Your Home for Toy News and Action Figure Discussion!

Bandai: S.H. Figuarts Severus Snape Review

The Harry Potter world is filled with tragic characters. The title character is an orphan who lived in a closet, and it gets even more Dickensian from there. But Professor Snape is the most tragic asshole that graced both the books and movies.

Snape is a fascinating character, and ends up being one of my favorite. He has the type of character arc that takes him from “guy you love you hate” to “object of supreme sympathy.” It doesn’t hurt that he was portrayed by Alan Rickman, who imbued Snape with all the loathsome greasiness the character needed in order to be a perpetual thorn in Harry’s magical buttocks. Perpetually pissed, with a withering look of contempt for anybody and everybody who was breathing the same air he breathed, it was an excellent performance from an excellent actor.

With the initial three kids done and out of the way, we’ve needed an antagonist, and Snape is as antagonistic as it gets. I’ve been loking forward to Snape ever since he was announced, mainly because Alan Rickman doesn’t get enough action figure love. Bruce Willis walked into my house the other day, plucked this figure off my desk and threw him out a window. That was a pretty weird day.

Snape does an excellent job at doing exactly what a Snape figure needs to do. He doesn’t overdo it, he doesn’t underdo it. He does it. His all-black attire is well-sculpted and screen accurate. He doesn’t come with a robe, but he looks menacing and teachorial enough without it. Teachorial is a brand new word I just made up that means “Bruce Willis taught me a lesson once and I learned it well.”

The neck gets a nice range of up and down motion. The shoulders are typical Figuarts shoulders that give him a wide range of motion, from two-handed clasping his wand to spreading them wide, as if to say “gimme a hug, anybody.” Because Snape needs a hug like nobody else has ever needed a hug.

The torso articulation is restricted to his waist, but that maintains the sculpt of his shirt.
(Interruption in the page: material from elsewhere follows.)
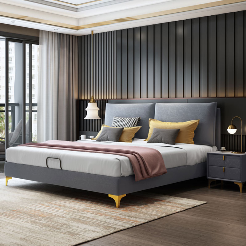 舒适感,由身及心,轻奢现代布艺双人床,优雅格调,去为你去一身疲惫,放松身心。床脚镶嵌镀金层,成色均匀有光泽,更添轻奢感。

He gets enough twist and bend that you won’t miss it too much. The hips and knees give a decent range. The robe flaps are pliable enough that he’s not impeded at all. All in all the articulation works very well and allows you to get him in all the poses you ordinarily expect from a Figuarts figure.

He has two face-plates that swap easily. The normal one is Full on grumpy Snape, which is dead on to Alan Rickman. The second one is an angrier, teeth-bared sculpt. These types of expressions always seems slightly off to me. It looks like him, but it’s also a weird thing to try to get across in a static pose. It’s not bad but I prefer the stoic head over this one. That said, it is effective in getting across a heightened level of contempt and anger if you need Snape to be extra prickly. The face-printing is excellent. It suffers under macro, like all face-printing does, but it looks like the technique is being refined more and more as time wears on.

Snape comes with three sets of hands: Fists, open and wand-gripping hands. The hands are all ball-jointed and pop on and off with no trouble. They all come with sculpted sleeve bits so you don’t sacrifice motion there, although truthfully the range of motion is still slightly limited by the nature of the design.

Compared to the kids, who got books and robes and assorted things, Snape’s accessories are rather bare-boned, as he only comes with a wand. I don’t know what else he could have come with outside of some potion bottles, so I guess the wand is a good enough inclusion.

Overall, Snape is a simple figure, but a necessary and well done one. Out of all the teachers, Snape is the most toyetic, so I couldn’t see a harry Potter figure collection without him.